For the FBA computation (Fig. 4c, e), we set an arbitrary upper bound on uptake fluxes (11 mmol gDW−1 h−1 was found to be the best value in terms of regression performance) for each substrate in the dataset when it is present (otherwise 0). To simulate a KO, we set the lower and upper bound of a reaction to zero.

To transform the measured growth rates from continuous values into binary values (for the ROC curves in Fig. 4d, e), following Orth et al.30, we applied a threshold of 0.165 h−1, which is equal to 5% of the maximum growth rate (3.3 h−1) found in the dataset. Therefore, the classification task can be seen as the ability for the model to classify growth rates below and above the threshold value.

P. putida growth assays

The dataset used to generate Fig. 5 (panels e and f) was taken from the study of Nogales et al.33 presenting iJN1462 (an updated version called iJN1463 is available on BiGG26) for P. putida’s GEM. This state-of-the-art GEM of P. putida KT2440 contains a few hundred more genes and reactions from the previous models, allowing better coverage. The dataset corresponds to growth assays with 188 carbon and 108 nitrogen sources. For each condition, we verified that an uptake reaction flux was present in the iJN146333 model. Fifty-five conditions contained a nutrient source without a corresponding uptake reaction in the model. For all those conditions, the AMN input would be the minimal medium. In order to avoid biasing the training set with 55 identical conditions, we kept one condition describing the minimal medium for carbon sources and one condition describing the minimal medium for nitrogen sources. The 55 conditions were added back to compute the final score. The training set can be found in the source data, provided as a Source Data file (cf. “Data availability”).

The minimal medium assumed in our simulations was taken from Nogales et al.33, reporting a set of uptake fluxes upper bounds. When testing a carbon (nitrogen) source, glucose (NH4) was removed from the minimal medium, and the respective nutrient source metabolite was added. Using these simulated growth media, accuracies on growth predictions using Cobrapy (Fig. 5f) were calculated considering as positive all non-zero growth predictions. Results presented in Fig. 5e were obtained by training a reservoir on simulations as explained in Methods “AMN and ANN training parameters”. Thus, this reservoir was used to fit experimental data, and Vin was directly used as an input for Cobra.

Statistics and reproducibility

As stated in the previous section “Generation of training sets with FBA”, the exchange reactions upper bounds were randomized to produce FBA-simulated training sets.
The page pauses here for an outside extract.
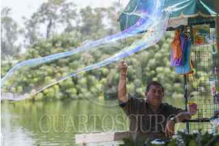 MÉXICO, D.F., 26AGOSTO2014.- Un comerciante hace pompas de jabón para promocionar los productos que vende a un costado del Lago Mayor en el Bosque de Chapultepec. FOTO: ISAAC ESQUIVEL /CUARTOSCRO.COM

No statistical method was used to predetermine the sample size, which was chosen based on time and resources. Blinding was not relevant to generate these training sets.

As stated in the previous section “Generation of an experimental training set”, the media of the experimental training set were randomized by randomly drawing carbon sources combinations. The growth rate measures were computed as means over 2 to 8 technical replicates. In all figures displaying this dataset, we show the standard deviation over replicates as the error bars. No statistical method was used to predetermine the sample size of 110. This size was chosen based on time and resources. Blinding was not relevant to generate this training set.

As stated in the previous section “External training sets acquisition”, we used two publicly available datasets, for which the authors did not specify any statistical method to predetermine the sample size. To our knowledge, there was no replication scheme for these external training sets. Incompatible data were excluded in the pre-processing steps of the training set stemming from the ASAP database (cf. “External training sets acquisition” section). For more details on the statistics and reproducibility of these external training sets, please refer to the original studies.

Reporting summary

Further information on research design is available in the Nature Portfolio Reporting Summary linked to this article.